▶ _WHAT YOU WILL DO_: Return the listing below exactly, with the pictures dropped.

▶ _SUPPLIED MATERIAL_:
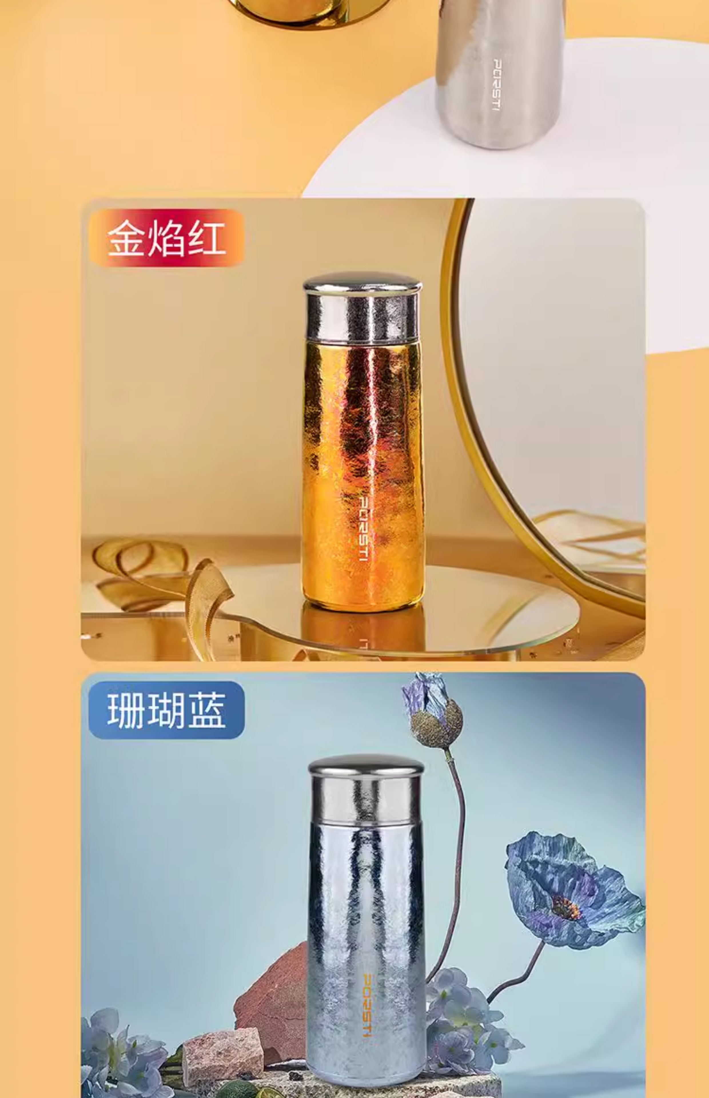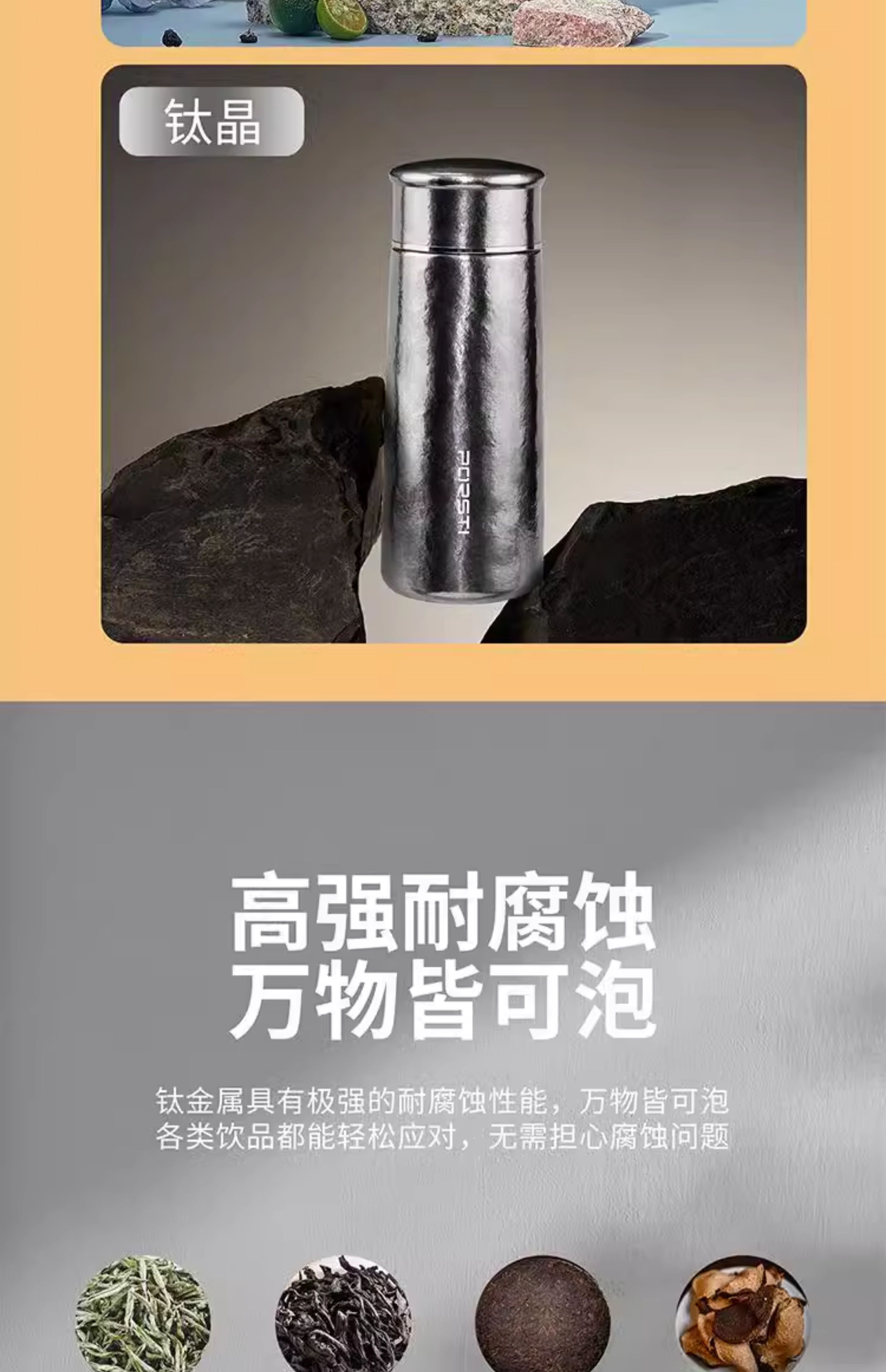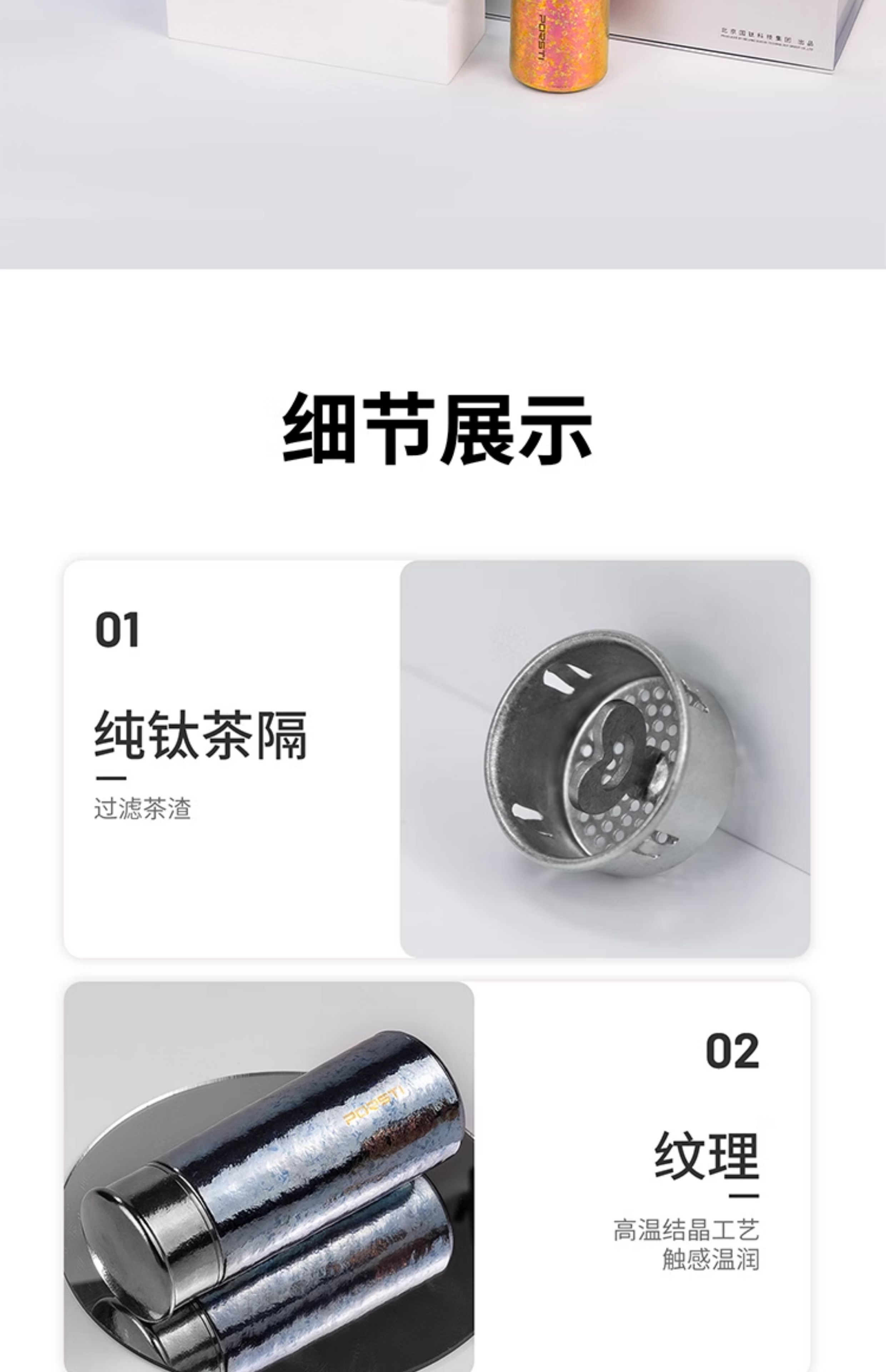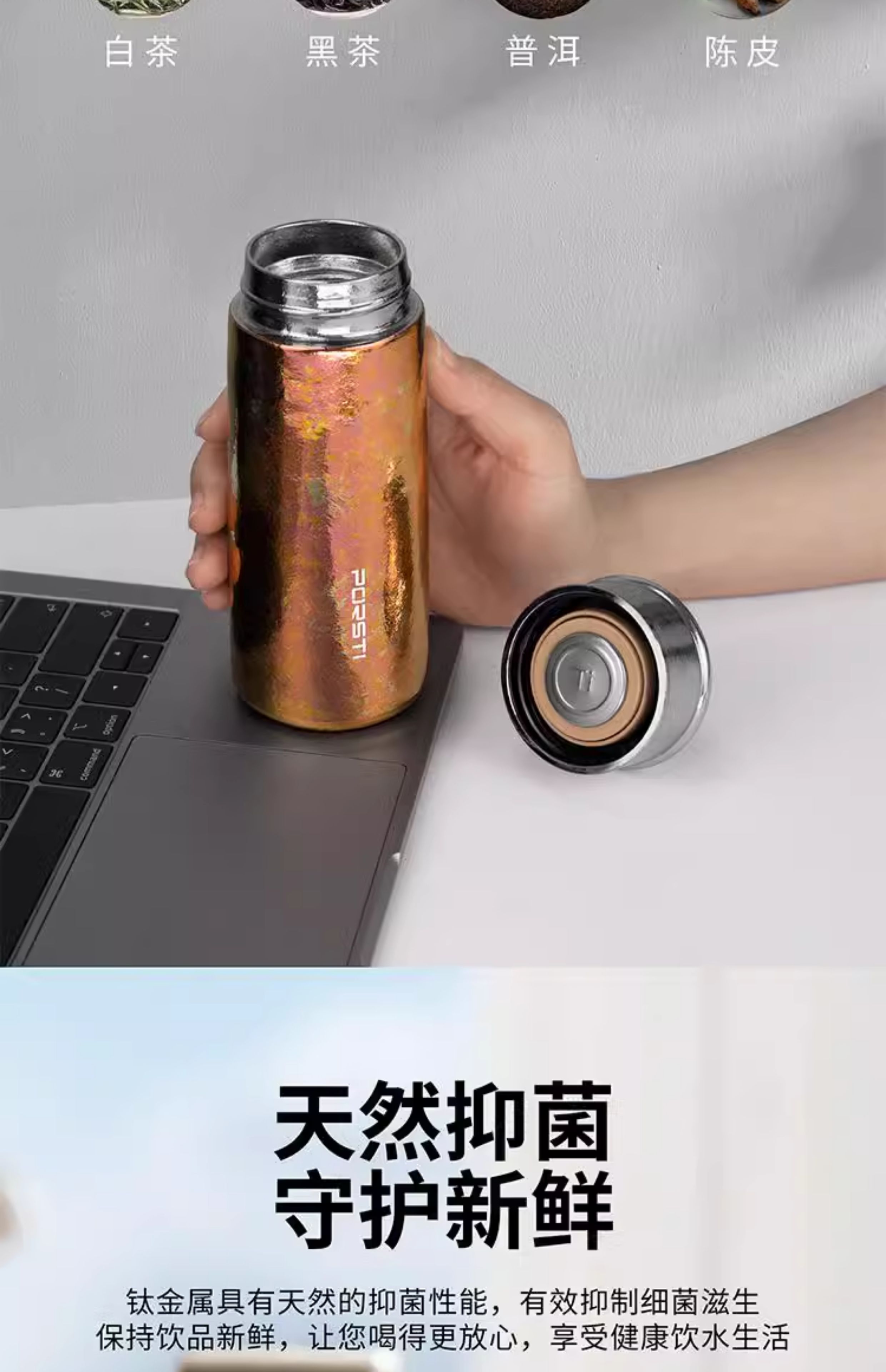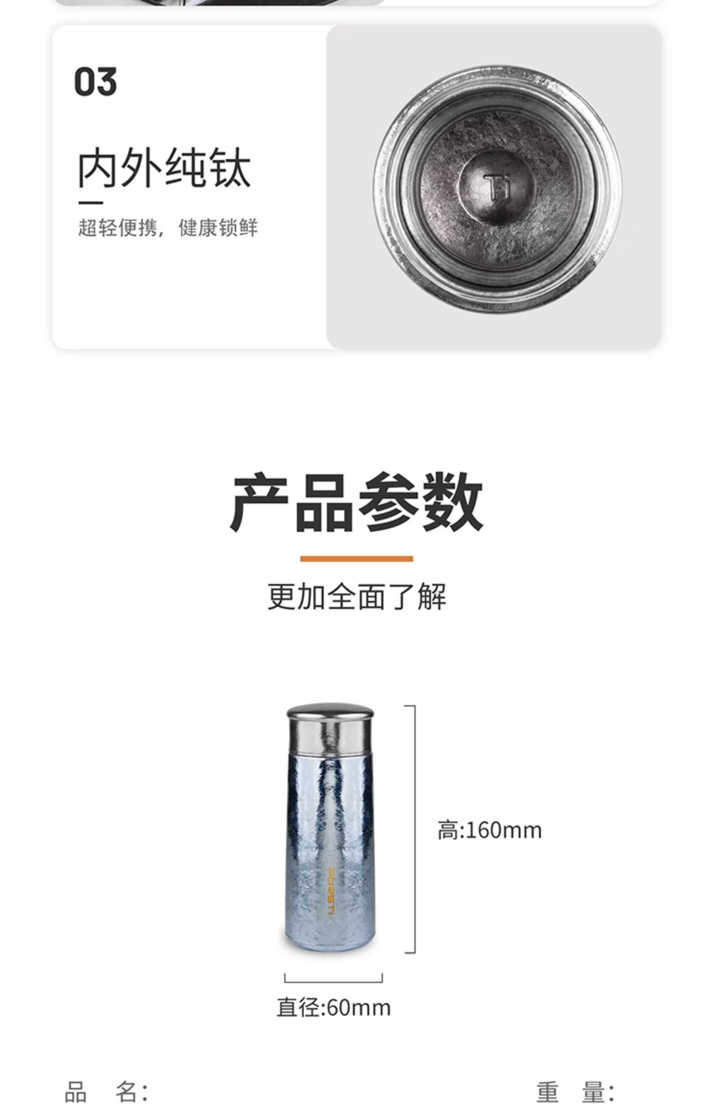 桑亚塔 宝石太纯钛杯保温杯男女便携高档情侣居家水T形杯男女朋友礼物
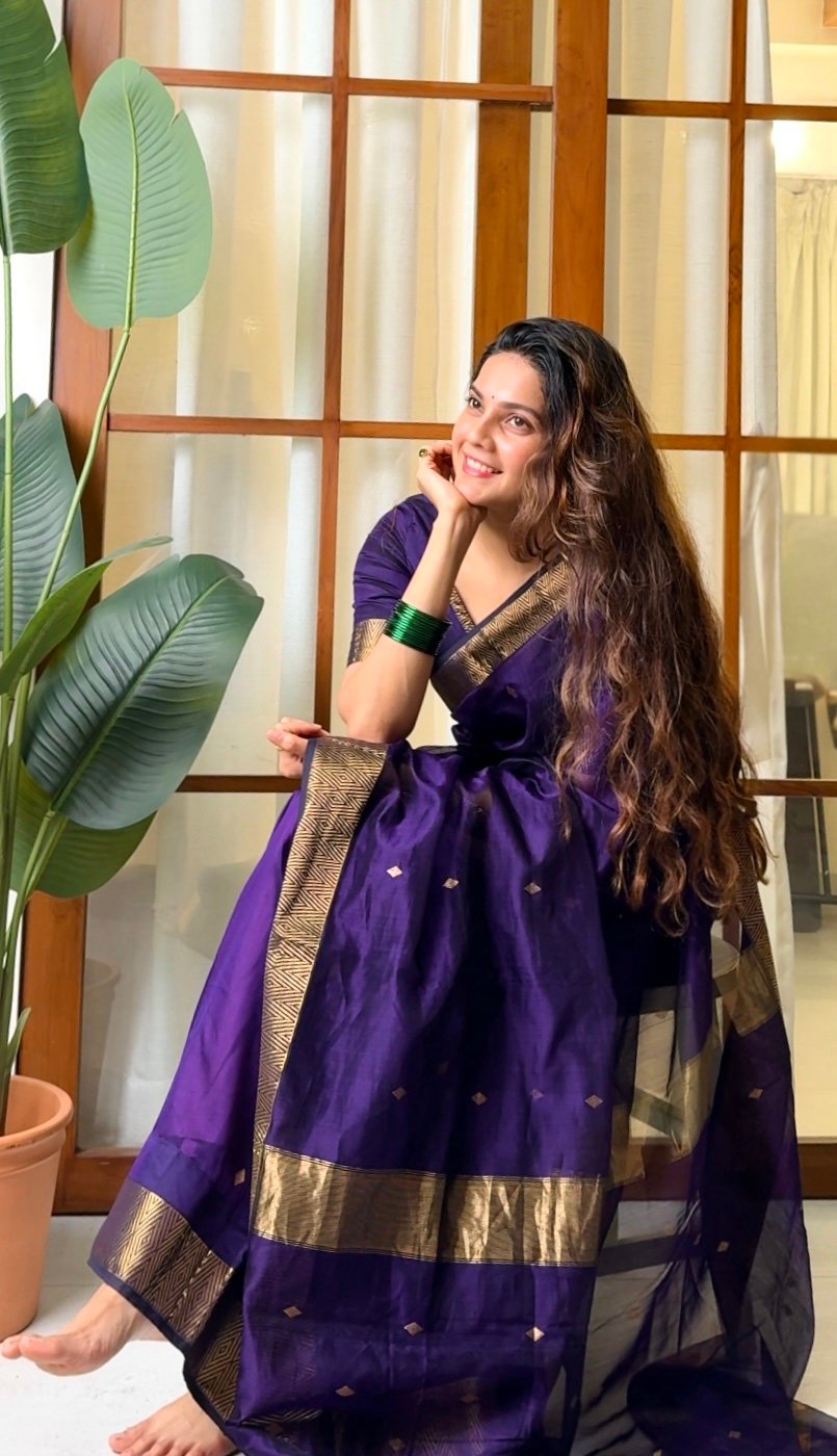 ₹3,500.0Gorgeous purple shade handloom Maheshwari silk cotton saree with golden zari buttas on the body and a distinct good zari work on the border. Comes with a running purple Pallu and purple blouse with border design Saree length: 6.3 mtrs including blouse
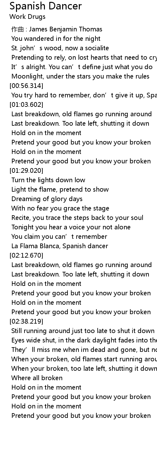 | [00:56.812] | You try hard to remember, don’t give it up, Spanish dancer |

▶ _TASK ANSWER_:
 桑亚塔 宝石太纯钛杯保温杯男女便携高档情侣居家水T形杯男女朋友礼物
 ₹3,500.0Gorgeous purple shade handloom Maheshwari silk cotton saree with golden zari buttas on the body and a distinct good zari work on the border. Comes with a running purple Pallu and purple blouse with border design Saree length: 6.3 mtrs including blouse
 | [00:56.812] | You try hard to remember, don’t give it up, Spanish dancer |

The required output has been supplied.